Com base nesta evidência pré-clínica, começamos a tratar homens que se apresentaram em nossa clínica de andrologia com DP aguda (n = 102; dentro de 6 meses do início da doença), usando 5 mg de tadalafil uma vez ao dia e 20 mg de tamoxifeno duas vezes ao dia por 2 meses. Os medicamentos foram prescritos off-label de acordo com as diretrizes do Conselho Geral de Medicina do Reino Unido. O grupo controle (n = 45) consistiu de pacientes que receberam prescrição de vitamina E ou nenhum medicamento. Nossos resultados iniciais sugerem que significativamente mais pacientes que receberam a combinação tadalafil-tamoxifeno melhoraram na curvatura peniana (26,5%) do que aqueles no grupo controle (7,3%). Menos pacientes no grupo de combinação (12,7%) apresentaram piora da curvatura em comparação com os pacientes controle (26,8%). Atualmente, estamos no processo de expansão deste estudo preliminar, aumentando o número de pacientes e acompanhando-os por um período mais longo.
Outro estudo analisou retrospectivamente as alterações na curvatura peniana e na dor em homens (n = 47) com DP aguda durante o tratamento com tadalafil e tamoxifeno off-label em combinação com um dispositivo de ereção a vácuo (VED). Eles mostraram que após 12 semanas de tratamento, 57,4% dos pacientes não apresentaram melhora, 27,7% apresentaram melhora e 14,9% pioraram. O aumento gradual na melhoria ao longo de 12 semanas foi estatisticamente significativo.
Deve-se notar que os 2 estudos clínicos aqui mencionados foram apresentados em congressos de pesquisa em medicina sexual; não são publicações revisadas por pares. Ambos são estudos piloto com baixo número de pacientes. Além disso, eles têm outras limitações. Eles não são ensaios clínicos randomizados (ECR) e não são cegos ou controlados por placebo. No primeiro estudo, os pacientes que receberam a combinação tadalafil-tamoxifeno foram recrutados em um hospital diferente daqueles que receberam vitamina E ou nenhum medicamento. O segundo estudo não possui grupo controle e um dispositivo de ereção a vácuo foi adicionado à combinação. Apesar dessas advertências, acreditamos que há um sinal clínico para a maior taxa de melhora (25%-27%) com a combinação PDE5i-SERM em comparação com a resolução espontânea (3%-12%) relatada na literatura. Argumentamos que tal sinal justifica estudos clínicos maiores com controles apropriados.
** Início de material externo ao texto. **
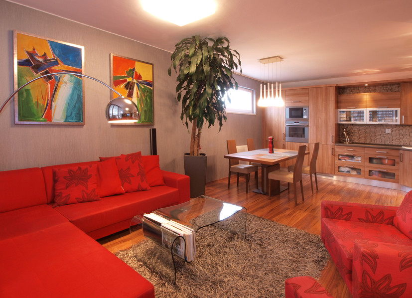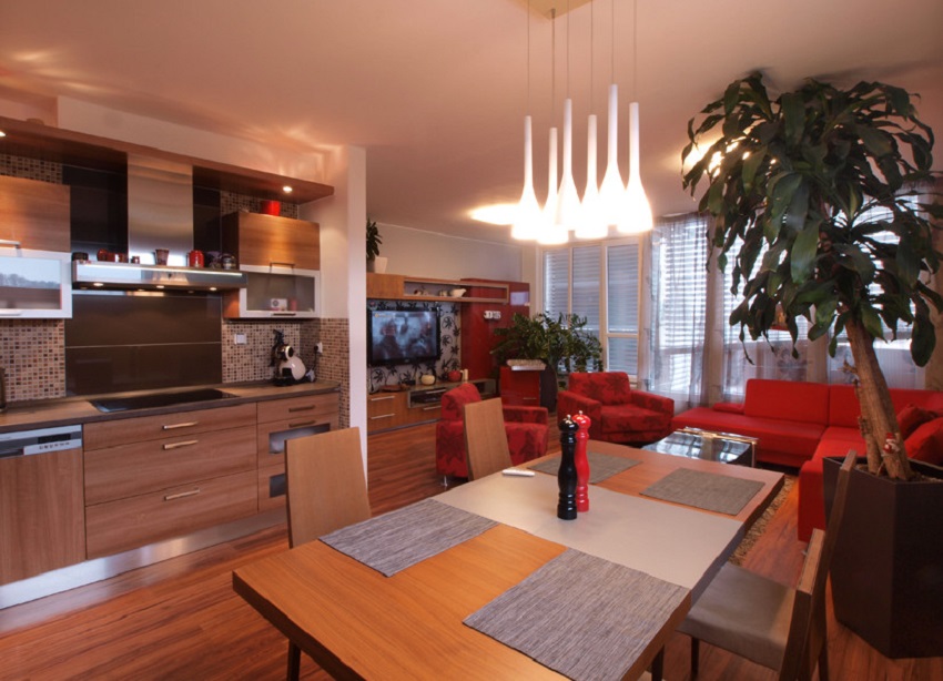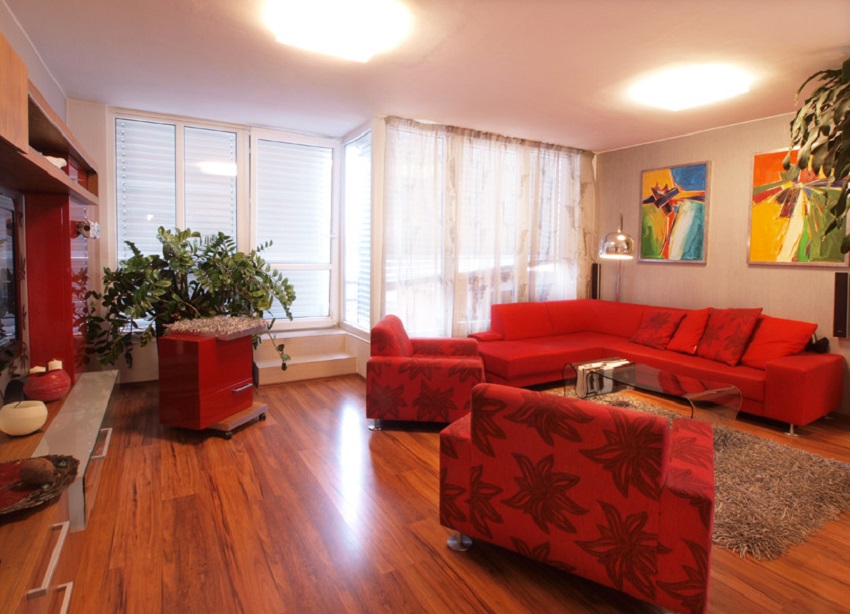 Když půjdete dál, vejdete do prostorného obývacího pokoje, který je spojený s kuchyní a jídelnou. Celkově je tento byt sladěn do červené barvy, a tak není divu, že i gauč, křesla a většina nábytku jsou červené. Celá tato místnost je osvětlena LED panely a nad jídelním stolem visí velký lustr.

Um ECR em grande escala seria caro e os incentivos financeiros para as empresas farmacêuticas financiarem ensaios tão caros seriam limitados por três razões. Primeiro, todos os PDE5is e SERMs não estão patenteados e as suas formulações genéricas estão agora no mercado. Isto torna improvável que um fabricante de medicamentos genéricos recupere os custos de ensaios clínicos tão dispendiosos e os custos de novo licenciamento. Em segundo lugar, o tamanho do mercado para a DP não é suficientemente grande para que um fabricante de medicamentos genéricos recupere os seus custos. Terceiro, sem alterar a formulação (o que representaria um custo adicional), a concorrência no mercado proveniente do uso off-label limitaria a exclusividade de mercado do medicamento reaproveitado.25 Além disso, o recrutamento de pacientes com DP aguda para um ensaio clínico em tão grande escala seria ser um desafio, pois a duração da doença no momento da apresentação pode variar de 4 a 6 meses a 10 a 17 meses.
Em conclusão, embora tenham surgido recentemente alguns sinais clínicos encorajadores que apoiam a noção de que uma combinação PDE5i-SERM pode ser eficaz para retardar ou interromper a progressão da DP aguda, ainda são necessárias evidências de alto nível na forma de ECRs.
Referência:
A combination of phosphodiesterase type 5 inhibitor and tamoxifen for acute Peyronie’s disease: the first clinical signals
Selim Cellek, MD, PhD, Matthew Megson, MBChB, Marcus M Ilg, PhD, David J Ralph, MS, FRCS (Urol)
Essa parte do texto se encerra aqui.